In a letter to the trustees written the next day, Cole said, “Without new information to consider, the current practice regarding ‘banned books’ seems tantamount to providing certain individual town employees with their own political platforms during work hours.”

“As a town manager, holding charter-based supervisory authority over all town employees, I have to wonder if this is really a good idea for the workforce? Individual political expression by employees is not allowed on ‘town time and the town’s dime’ in other areas of municipal employment,” he wrote. “Why should library employees be treated differently? That is a question that must be asked.”


Cole did not anticipate the reaction from the librarians and residents who were ready to defend the library.

“You have people loaded for bear who think it’s going to be a replay of last fall,” Cole said. “I understand that, but you ask a few questions and you become a villain.”


During a meeting with the trustees this month, Cole said he had concerns about “some ambiguity” related to the banned books and said the selection of ideas and materials for displays didn’t seem to have any relationship to a policy the trustees had adopted.

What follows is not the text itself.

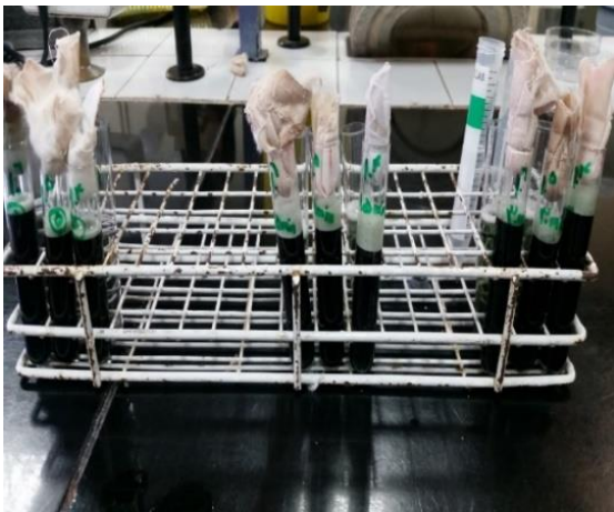
شکل ۱. مجاورت محلول ضد عفونی کننده و محلول اسپور باسیلوس سوبتیلیس

می‌باشد. سپس برای تهیه سوسپانسیون حاوی اسپور با غلظت‌های 10^6 CFU/mL و 10^5 و 10^4 ، سوسپانسیون نیم مک فارلند به ترتیب ۱۰۰ و ۱۰۰۰ و ۱۰۰۰۰ در آب مقطر استریل رقیق گردید. این سوسپانسیون در بن ماری ۲۰ درجه سانتیگراد به مدت ۲ ساعت پایدار است. بلافاصله بعد از آماده سازی و درست قبل از آزمون، به منظور نشان دادن عدم حضور سلول‌های رویشی و اسپورهای درحال رویش، آزمون میکروسکوپی انجام گردید. یک سی سی از هر کدام از غلظت‌های تهیه شده اسپور باسیلوس سوبتیلیس با ۸ سی سی از محلول ضدعفونی مخلوط گردید و زمان‌های تماس بر طبق پروتوکل ۵ دقیقه و ۱۵ دقیقه و ۳۰ دقیقه در نظر گرفته شد (شکل ۱). پس از گذشت زمان موردنظر، جهت خنثی سازی اثر محلول ضدعفونی کننده، یک میلی لیتر از مخلوط ضدعفونی و اسپور با ۹ میلی لیتر از خنثی کننده (محلول گلیسین ۲۵ گرم در لیتر) مخلوط گردید. زمان و دمای مورد نیاز برای مجاورت خنثی کننده و مخلوط ضدعفونی و اسپور به ترتیب ۵ دقیقه و ۲۵ درجه سانتیگراد در نظر گرفته شد. در مرحله بعد یک میلی لیتر از هر یک از غلظت‌های تهیه شده با ۱۵ میلی لیتر از محیط مولر هینتون آگار که پس از اتوکلاو گذاری به دمای ۴۵ درجه سانتیگراد رسیده داخل پلیت استریل ریخته شد و پلیت‌ها به مدت ۳ روز در دمای ۳۰ درجه سانتیگراد انکوبه گذاری گردید.

“It’s like a free-for-all. It just seemed like it was employees doing as they please, on town time and town dime,” Cole said during the meeting, according to the Rumford Falls Times.

A month before that meeting, the board of trustees had adopted its policy for exhibits and displays because of the repeated questions about the banned book display. The policy says that the library director must approve all materials that will be displayed, local organizations can request space for exhibits or displays, and all displays in the children’s library must be of interest to and appropriate for children.


“As the library endeavors to present a broad spectrum of ideas and a variety of viewpoints, materials exhibited do not necessarily represent the views or imply the endorsement of the library trustees, administration or staff,” the policy says.

Cole said he is satisfied that the trustees adopted a policy for the displays and has no lingering concerns about politics at the library.

“It’s unfortunate me asking some reasonable questions triggered a wave of hostility. I’m sorry for that,” Cole said. “I think people have moved on.”

Butler also hopes people have moved on, but she knows there is always the possibility that people will bring up the same concerns again.

“We don’t know what will happen in September, but we will be addressing banned books again,” she said.